The treatment of Lopinavir/Ritonavir (LPV/RTV), which is a protease inhibitor utilized in HIV disease, has a shallow job in the treatment of SARS-CoV-2 contamination, and it has been seen in past examinations that it has some action against SARS CoV and MERS-CoV [76]. The utilization of LPV/RTV, which is the main tablet structure that can be utilized securely in HIV-tainted pregnant ladies, is available to discuss infants and youngsters [77]. Antiviral medications suggested in SARS-CoV-2 contamination can be considered in treating infants and youngsters after the hazard advantage proportion is deliberately assessed in a setting of clinical preliminaries [78]. The issue of iatrogenic concealment of resistance because of cytokine storm in COVID-19 has been arranged; it is not prescribed to give corticosteroids, particularly in the present restricted logical proof due to the lower safe reaction in youngsters followed with adults [78, 79]. If there is proof of auxiliary bacterial disease, the important anti-infection agents should be utilized [80]. In Children, a treatment that has an expanded danger of apoplexy and can be treated with low sub-atomic weight heparin in beginning phases and anticoagulant therapy can be controlled if vital [78]. Healing plasma treatment can be utilized in youngsters whose clinical condition disintegrates quickly, genuine and basic illnesses [81].

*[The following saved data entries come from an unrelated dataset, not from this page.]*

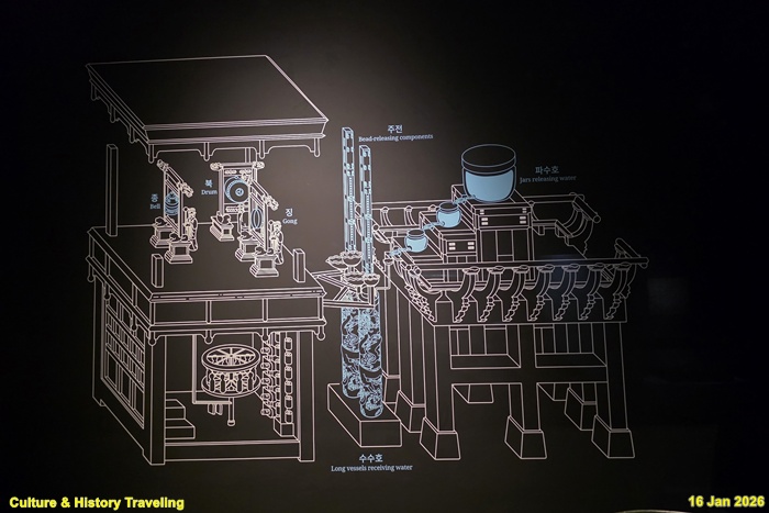 그릇에 일정한 속도로 흘러든 물의 양으로 시간을 측정하는 시계입니다. 조선시대에 만들어진 대표적인 물시계로는 자격루가 있습니다. 1434년에 세종의 명으로 장영실이 만들어 경복궁 경회루 남쪽 보루각에 처음 설치 했습니다. ‘스스로 치는 시계’라는 뜻의 자격루는 물을 받는 항아리인 수수호의 물이 일정량에 도달하면 자동으로 종, 북, 징을 쳐 시각을 알려주게 만들었습니다. 해시계나 별시계와 달리 밤과 낮, 맑은 날과 흐린 날에 관계없이 사용할 수 있어서 표준 시계로 쓰였습니다. 일정한 시간마다 자격루에서 울리는 북과 종소리는 광화문을 거쳐 궁궐 밖 종루에 전달되어 도성 전체에 시간을 알렸습니다. (안내문, 고궁박물관, 2026년)
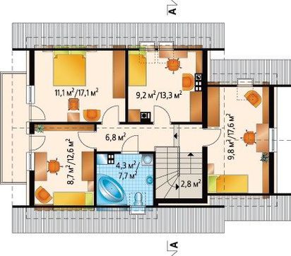 • 4M3006a Проект будівництва мансардного особняка з гаражем на 1 автомобіль
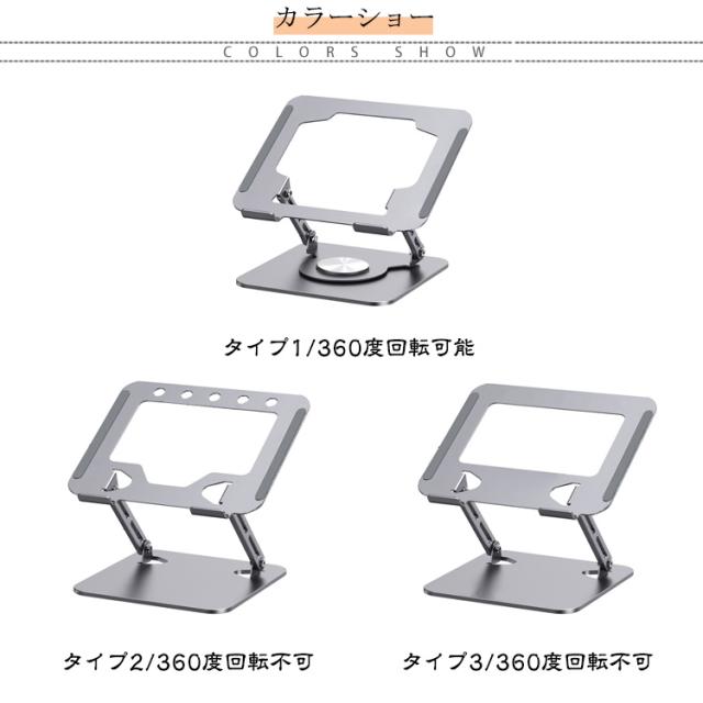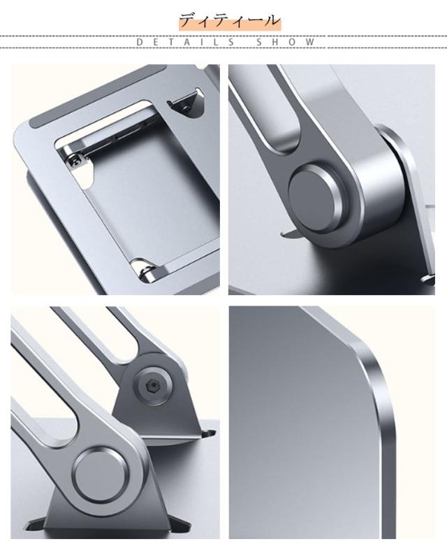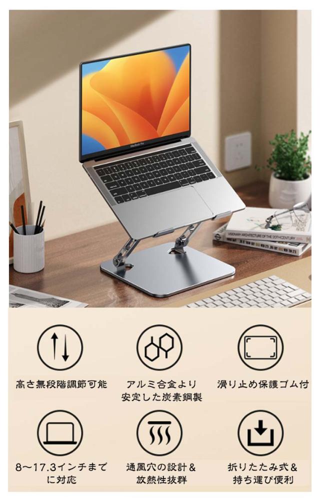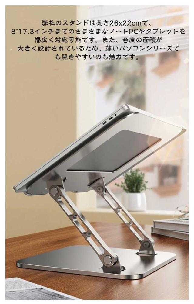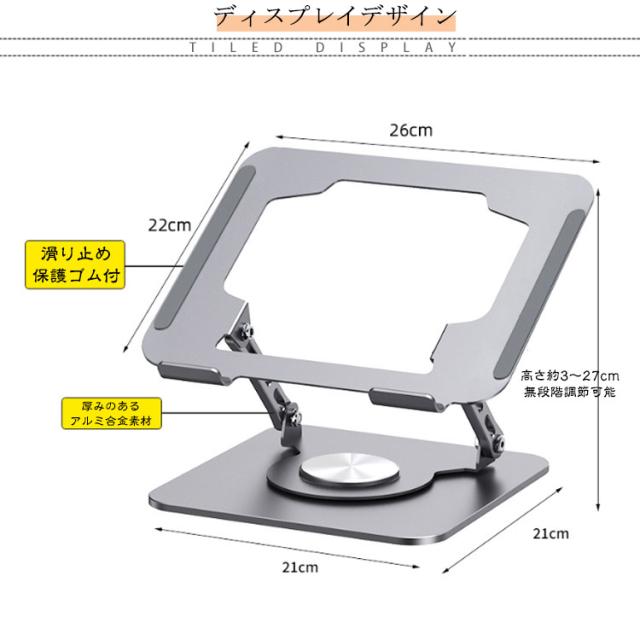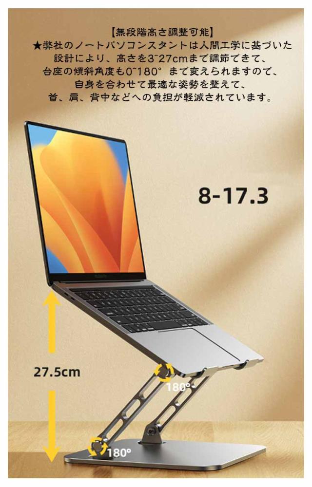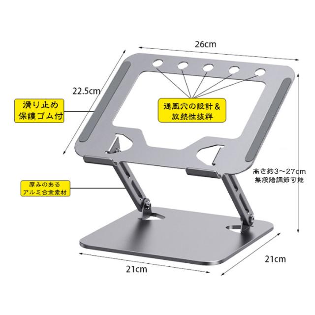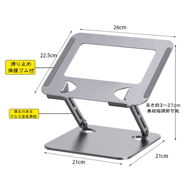 | 高さ約3〜27cm無段階調節可能 360°回転可能 180°角度調整可能 炭素鋼製で安定性抜群! ノートパソコンスタンド 【無段階高さ調整可能】 ★弊社のノートパソコンスタントは人間工学に基づいた設計により、高さを3~27cmまで調節できて、台座の傾斜角度も0~180°まで変えられますので、自身を合わせて最適な姿勢を整えて、首、肩、背中などへの負担が軽減されています。 ★回転軸部分は耐腐食性を高めるアルマイト処理で、摩擦に強く、角度や高さが自由自在に調整可能ですが安定感も抜群。 ★PC作業時に自分に合う高さや角度に調節するため、悪い姿勢になり身体になりがちです。一番気持ち良い姿勢を保ち、長時間のPC作業も苦 にならず、集中力も高まり作業効率UP。 【優れた安定性&幅広い互換性】 ノートパソコンスタンド本体はアルミ合金より安定した炭素鋼素材で加工されるため、20kg以内の重量まで耐えられます。なお、低重心設計に加え、Z型デザインにする事でスタンドの安定性を向上させているので、タイピング時の不快な揺れを最小限に抑えられています。弊社のスタンドは長さ26x22cmで、8~17.3インチまでのさまざまなノートPCやタブレットを幅広く対応可能です。また、台座の面積が大きく設計されているため、薄いパソコンシリーズでも開きやすいのも魅力です。 【通風穴の設計&放熱性抜群】 本ノートパソコンスタンドは熱伝導性が優れている炭素鋼製で、熱によるパソコンの動作自体が強制終了するトラブルを防ぐことができます。ノートパソコンとの接触面に通風穴を設けて、空気の流動性と放熱性を向上させているので、パソコンなどのデバイスの使用寿命を延ばし、ノートパソコンはより速く運行することができます。 夏場の熱暴走対策にも活躍します。 【持ち運び便利&滑り止め保護ゴム付】 ★折りたたみ式ノートパソコンスタンドなので、簡単に折畳ってカバンの中に収納して持ち運べてでかけて、カフェや新幹線、飛行機移動中、出張、展示会など様々シーンに活躍できます。PCスタンド下にキーボードなどを収納できて、デスクスペースを有効に活用します。使わない時に折畳って隣に置いて邪魔しないです。 ★パソコンが当たる部分にはシリコンゴム製の滑り止めが施されているので落下の心配なく使用が可能。スタンド接地側も滑り止めが付いているので、デスク | |
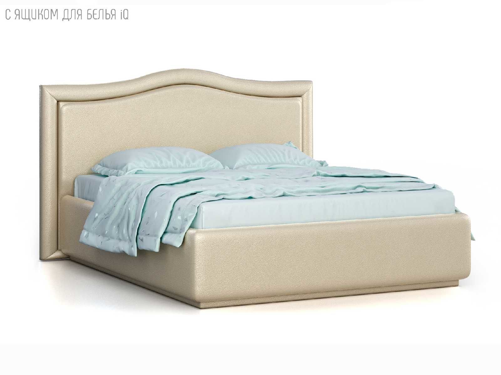 Кровать укомплектована IQ с подъемным механизмом и ящиком для белья без дна (дополнительная платная опция - дно к ящику IQ из HDF (ХДФ). Каркас кровати на цоколе, декоративный чехол на цоколе съёмный. Глубина ящика для белья - 30 см, без ограничения нагрузки на ящик.

Table 3: Shows the treatment dosage and clinical trial stage

Treatments Dosage Clinical stage References
Hydroxychloroquine 400 mg Initial [82, 83]
Remdesivir 200 mg Initial [84, 85]
Favipiravir 200 mg Phase 2 [86, 87]
Lopinavir/Ritonavir

LPV-800 mg

RTV-200 mg

Initial [88, 89]

CONCLUSION

We are assuming that the contact of ACE 2 and its upregulation in various neurotic conditions making patients more helpless to SARS-CoV-2 contamination and can add to an expansion in mortality. COVID-19 is a worldwide concern. Its pathophysiology is exceptionally intricating, which involves researching the utilization of first-line drugs in the treatments of toxaemia, cardiovascular illnesses, Pneumonia, and Acute kidney injury diabetes, and its difficulties, asthma, NASH, safe related sicknesses, and malignant growth. Thus, there is an essential requirement for care to those patients who have SARS-CoV-2 contamination fundamental with various ailments. It may expand the seriousness and mortality in comorbid conditions due to multi-organ damage due to contamination with infection and cytokine storm. Hence focusing on the cooperation of SARS-CoV-2 to ACE 2 could be the future novel therapeutic way to deal with reduce the multiple organ transmission and damage. Clinical experience of children and babies with COVID-19 is a step-by-step expansion, and the methodologies suggested here depend on accessible proof. Although continuous research in pediatric patients contrasted with grown-up patients in the COVID-19 pandemic, it is necessary to consider during the treatment choice that children infected with heart and respiratory illness may advance highly dependent on clinical experience from other viral contaminations. Concerns stay due to COVID-19 mother-child vertical transmission and absence of proof on possible fatal results further investigations are required.

ACKNOWLEDGMENT

There is no acknowledgment for this work.

FUNDING

Nil

AUTHORS CONTRIBUTIONS

Author 1: Wrote the article, Author 2: Revising and do corrections, Author 3: Grammar corrections, Authors 4: Data collections, Authors 5: Article designing, Authors 6: Data collection, Author 7: Paper writing contribution

CONFLICT OF INTERESTS

There is no conflict of interest for this work.